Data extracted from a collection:
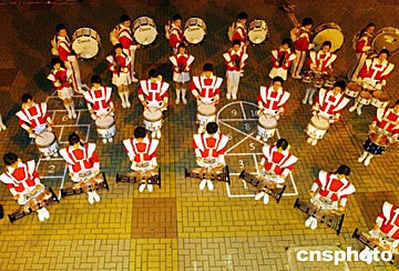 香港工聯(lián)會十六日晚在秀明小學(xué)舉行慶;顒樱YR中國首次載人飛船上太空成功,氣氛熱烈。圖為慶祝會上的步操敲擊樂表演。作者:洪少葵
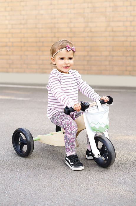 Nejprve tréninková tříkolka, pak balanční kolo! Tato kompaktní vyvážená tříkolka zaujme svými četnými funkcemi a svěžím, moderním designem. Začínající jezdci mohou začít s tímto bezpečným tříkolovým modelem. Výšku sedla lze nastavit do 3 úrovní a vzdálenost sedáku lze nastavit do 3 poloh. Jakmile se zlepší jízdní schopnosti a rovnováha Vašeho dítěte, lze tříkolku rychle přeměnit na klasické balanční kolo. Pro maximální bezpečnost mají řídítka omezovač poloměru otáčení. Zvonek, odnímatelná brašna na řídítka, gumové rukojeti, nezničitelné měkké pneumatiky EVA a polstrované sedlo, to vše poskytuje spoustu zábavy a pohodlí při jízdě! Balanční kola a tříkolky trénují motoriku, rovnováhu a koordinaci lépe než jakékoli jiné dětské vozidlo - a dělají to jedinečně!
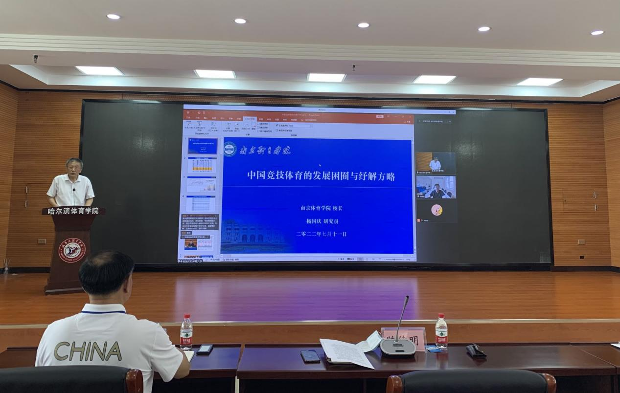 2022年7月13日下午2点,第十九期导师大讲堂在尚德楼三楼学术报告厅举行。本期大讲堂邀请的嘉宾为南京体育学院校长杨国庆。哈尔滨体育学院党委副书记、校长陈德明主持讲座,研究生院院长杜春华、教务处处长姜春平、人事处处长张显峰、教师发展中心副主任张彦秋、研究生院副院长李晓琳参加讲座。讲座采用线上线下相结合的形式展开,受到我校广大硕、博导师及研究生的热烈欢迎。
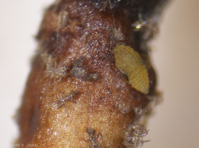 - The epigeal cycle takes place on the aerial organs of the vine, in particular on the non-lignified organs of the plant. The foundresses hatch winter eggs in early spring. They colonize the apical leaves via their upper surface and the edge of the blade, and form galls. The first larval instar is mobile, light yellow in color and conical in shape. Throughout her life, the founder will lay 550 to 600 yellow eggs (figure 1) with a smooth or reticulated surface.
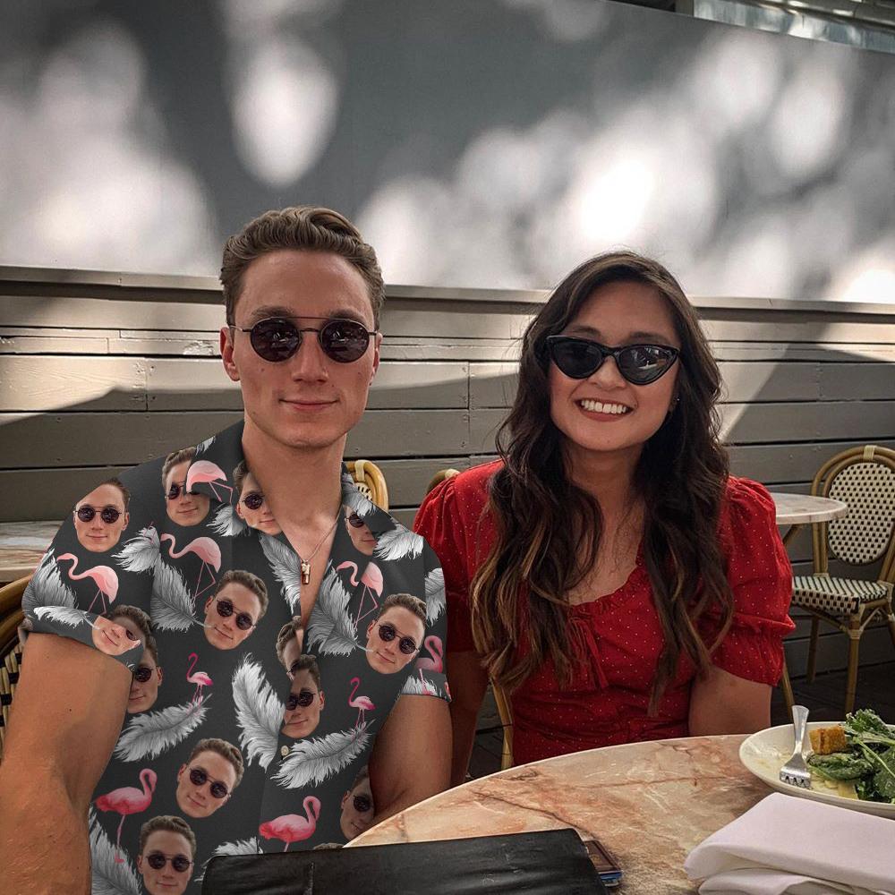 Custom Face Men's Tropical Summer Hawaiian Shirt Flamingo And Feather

> [Assignment]:
The copy should hold exactly the lines from the line containing "Nejprve tréninková tříkolka, pak" through the end of the data, both ends included, and no pictures.

> [Response below]:
 Nejprve tréninková tříkolka, pak balanční kolo! Tato kompaktní vyvážená tříkolka zaujme svými četnými funkcemi a svěžím, moderním designem. Začínající jezdci mohou začít s tímto bezpečným tříkolovým modelem. Výšku sedla lze nastavit do 3 úrovní a vzdálenost sedáku lze nastavit do 3 poloh. Jakmile se zlepší jízdní schopnosti a rovnováha Vašeho dítěte, lze tříkolku rychle přeměnit na klasické balanční kolo. Pro maximální bezpečnost mají řídítka omezovač poloměru otáčení. Zvonek, odnímatelná brašna na řídítka, gumové rukojeti, nezničitelné měkké pneumatiky EVA a polstrované sedlo, to vše poskytuje spoustu zábavy a pohodlí při jízdě! Balanční kola a tříkolky trénují motoriku, rovnováhu a koordinaci lépe než jakékoli jiné dětské vozidlo - a dělají to jedinečně!
 2022年7月13日下午2点,第十九期导师大讲堂在尚德楼三楼学术报告厅举行。本期大讲堂邀请的嘉宾为南京体育学院校长杨国庆。哈尔滨体育学院党委副书记、校长陈德明主持讲座,研究生院院长杜春华、教务处处长姜春平、人事处处长张显峰、教师发展中心副主任张彦秋、研究生院副院长李晓琳参加讲座。讲座采用线上线下相结合的形式展开,受到我校广大硕、博导师及研究生的热烈欢迎。
 - The epigeal cycle takes place on the aerial organs of the vine, in particular on the non-lignified organs of the plant. The foundresses hatch winter eggs in early spring. They colonize the apical leaves via their upper surface and the edge of the blade, and form galls. The first larval instar is mobile, light yellow in color and conical in shape. Throughout her life, the founder will lay 550 to 600 yellow eggs (figure 1) with a smooth or reticulated surface.
 Custom Face Men's Tropical Summer Hawaiian Shirt Flamingo And Feather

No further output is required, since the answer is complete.